Friday, May 08, 2015

Isn't there a name for this?

The New Zealand government is currently trying to negotiate a "free-trade agreement" (which will as usual be nothing of the sort) with Saudi Arabia and the Gulf Cooperation Council. But there's a problem: banning live sheep exports upset Hamood Al Ali Khalaf, a powerful Saudi businessman. So they gave him $6 million to make his objections go away:
The Government's spent millions of taxpayer dollars kitting out a farm with top-of-the-line New Zealand equipment and hundreds of sheep to "compensate" a Saudi businessman.

ONE News has learned that the Government has spent $6 million air freighting 900 pregnant ewes and farming equipment to Hamood Al Ali Khalaf's farm in Saudi Arabia.

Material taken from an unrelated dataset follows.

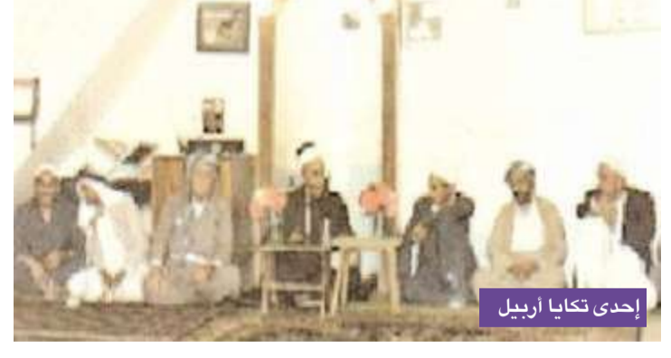
إحدى تكايا أربيل

ما إن تغرب شمس اليوم الأخير من شهر شعبان حتى يبدأ الكرد باستراق السمع لدوي مدفع رمضان المنصوب فوق قلعة أربيل أو المنصوب في مرتفعات دهبوك، وقد اعتاد الأكراد على سماع سبع طلقات مغزاهما أن المستهليل قد قرأوا الهلال وأن القاضي الشافعي أطمأن إلى شهادتهم، وقد اعتاد المستهلولون الأكراد في أواخر القرن التاسع عشر وأوائل القرن العشرين الخروج إلى المرتفعات والهضاب المجاورة يرافقهم بعض الوجوه ورجال الدين، وقد عرفت الأراضي الكردستانية بصفاء جوها وإمكانية الرؤية في موسمي الصيف والخريف، وأما في فصل الشتاء على وجه الخصوص فكانت الأجواء في الغالب غائمة مطيرة وإمكانية الرؤية شبه منعدمة، لذا تراهم في الغالب قد غم عليهم رؤية الهلال فيكمولوا عدة شعبان، أما إذا زاوه فإن تباشير الفرح تزع أرجاء أربيل وكردستان وقد تهبها الناس للشهر وتجهزوا.

According to Mr Al Ali Khalaf's business partner, Sydney-based George Assaf, everything from the fencing to "the shed and the wool shed and the yards and the drafting machines, the weighing, the scales, you mention it, it's all from New Zealand".

Mr Assaf says the deal was done to "compensate" the pair over a six-year-old ban of live sheep exports in which they say they lost hundreds of millions of dollars.

He says New Zealand was told "unless you fix that part of it, we won't sign" the free trade deal between New Zealand and the Gulf States.


National: gives $6 million to a foreign millionaire while kiwi kids go to school hungry.

But that snark aside, there's a name for this sort of activity, of paying people so that you get your policy: its called bribery. And if Khalaf was a public official, rather than just a rich prick who had officials in his pocket, it would be a crime.

(No, I don't buy the use of the term "compensation". "Compensation" implies wrongdoing. And we did nothing wrong by banning the trade in misery of live sheep exports. Quite the opposite, in fact. The fact that we're supposedly paying compensation for this simply heaps obscenity on obscenity).